→ **Goal of the exercise**: Output only the stretch of the listing that starts at the line containing "Stylish elderly woman" and ends at the line containing "014.9元和22 883.2元;在最大爬坡时间上,文中策略和对比策略分别为30.0 s和48.6", reproduced exactly with both ends.

→ **Materials provided**:
○ ○ ○
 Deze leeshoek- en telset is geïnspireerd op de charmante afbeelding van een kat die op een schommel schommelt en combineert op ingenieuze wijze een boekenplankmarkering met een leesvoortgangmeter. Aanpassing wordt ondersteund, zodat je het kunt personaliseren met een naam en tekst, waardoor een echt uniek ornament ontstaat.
○ ○ ○
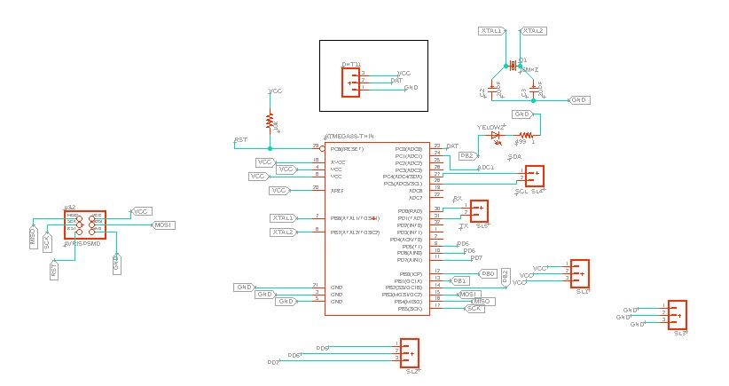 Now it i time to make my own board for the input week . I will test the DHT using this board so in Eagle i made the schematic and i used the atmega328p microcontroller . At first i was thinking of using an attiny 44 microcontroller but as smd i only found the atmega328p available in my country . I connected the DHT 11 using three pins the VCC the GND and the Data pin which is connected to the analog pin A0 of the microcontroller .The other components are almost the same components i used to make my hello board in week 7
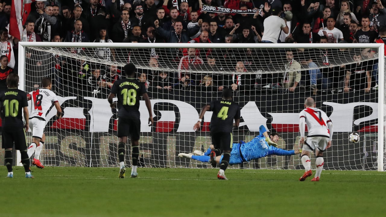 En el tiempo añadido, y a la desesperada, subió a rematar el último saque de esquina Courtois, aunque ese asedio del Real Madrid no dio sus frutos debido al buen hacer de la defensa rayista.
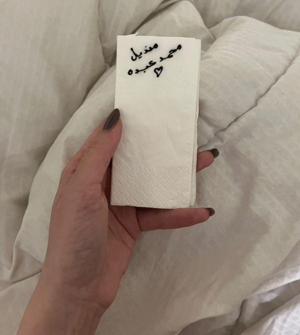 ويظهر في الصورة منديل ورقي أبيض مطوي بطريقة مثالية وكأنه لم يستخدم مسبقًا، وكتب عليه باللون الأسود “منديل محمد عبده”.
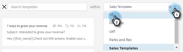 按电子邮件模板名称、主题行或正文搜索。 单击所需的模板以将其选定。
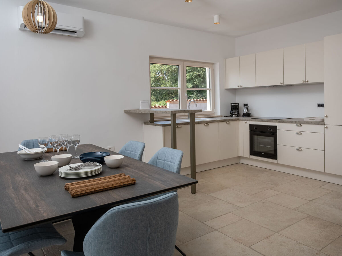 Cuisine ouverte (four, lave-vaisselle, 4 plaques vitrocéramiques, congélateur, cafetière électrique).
○ ○ ○
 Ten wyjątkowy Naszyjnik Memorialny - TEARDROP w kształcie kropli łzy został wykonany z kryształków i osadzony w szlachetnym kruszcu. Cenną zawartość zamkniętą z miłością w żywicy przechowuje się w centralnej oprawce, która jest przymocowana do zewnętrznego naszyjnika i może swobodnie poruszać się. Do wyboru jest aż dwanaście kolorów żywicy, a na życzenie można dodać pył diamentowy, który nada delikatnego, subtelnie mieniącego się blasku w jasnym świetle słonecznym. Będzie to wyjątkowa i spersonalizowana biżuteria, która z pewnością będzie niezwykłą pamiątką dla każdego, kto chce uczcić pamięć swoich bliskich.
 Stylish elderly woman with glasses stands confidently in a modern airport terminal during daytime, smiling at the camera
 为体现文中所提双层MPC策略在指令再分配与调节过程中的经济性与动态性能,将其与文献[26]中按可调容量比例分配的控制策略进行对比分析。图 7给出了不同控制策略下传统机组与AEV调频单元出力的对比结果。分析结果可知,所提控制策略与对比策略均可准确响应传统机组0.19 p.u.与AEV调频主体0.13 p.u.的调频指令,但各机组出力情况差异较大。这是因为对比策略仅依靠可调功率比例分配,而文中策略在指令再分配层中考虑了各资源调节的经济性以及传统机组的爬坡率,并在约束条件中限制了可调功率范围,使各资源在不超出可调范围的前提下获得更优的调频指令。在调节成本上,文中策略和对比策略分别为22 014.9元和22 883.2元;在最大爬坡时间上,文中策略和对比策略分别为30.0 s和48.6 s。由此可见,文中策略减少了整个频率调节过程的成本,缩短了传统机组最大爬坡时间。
○ ○ ○
→ **Response to the exercise**:
 Stylish elderly woman with glasses stands confidently in a modern airport terminal during daytime, smiling at the camera
 为体现文中所提双层MPC策略在指令再分配与调节过程中的经济性与动态性能,将其与文献[26]中按可调容量比例分配的控制策略进行对比分析。图 7给出了不同控制策略下传统机组与AEV调频单元出力的对比结果。分析结果可知,所提控制策略与对比策略均可准确响应传统机组0.19 p.u.与AEV调频主体0.13 p.u.的调频指令,但各机组出力情况差异较大。这是因为对比策略仅依靠可调功率比例分配,而文中策略在指令再分配层中考虑了各资源调节的经济性以及传统机组的爬坡率,并在约束条件中限制了可调功率范围,使各资源在不超出可调范围的前提下获得更优的调频指令。在调节成本上,文中策略和对比策略分别为22 014.9元和22 883.2元;在最大爬坡时间上,文中策略和对比策略分别为30.0 s和48.6 s。由此可见,文中策略减少了整个频率调节过程的成本,缩短了传统机组最大爬坡时间。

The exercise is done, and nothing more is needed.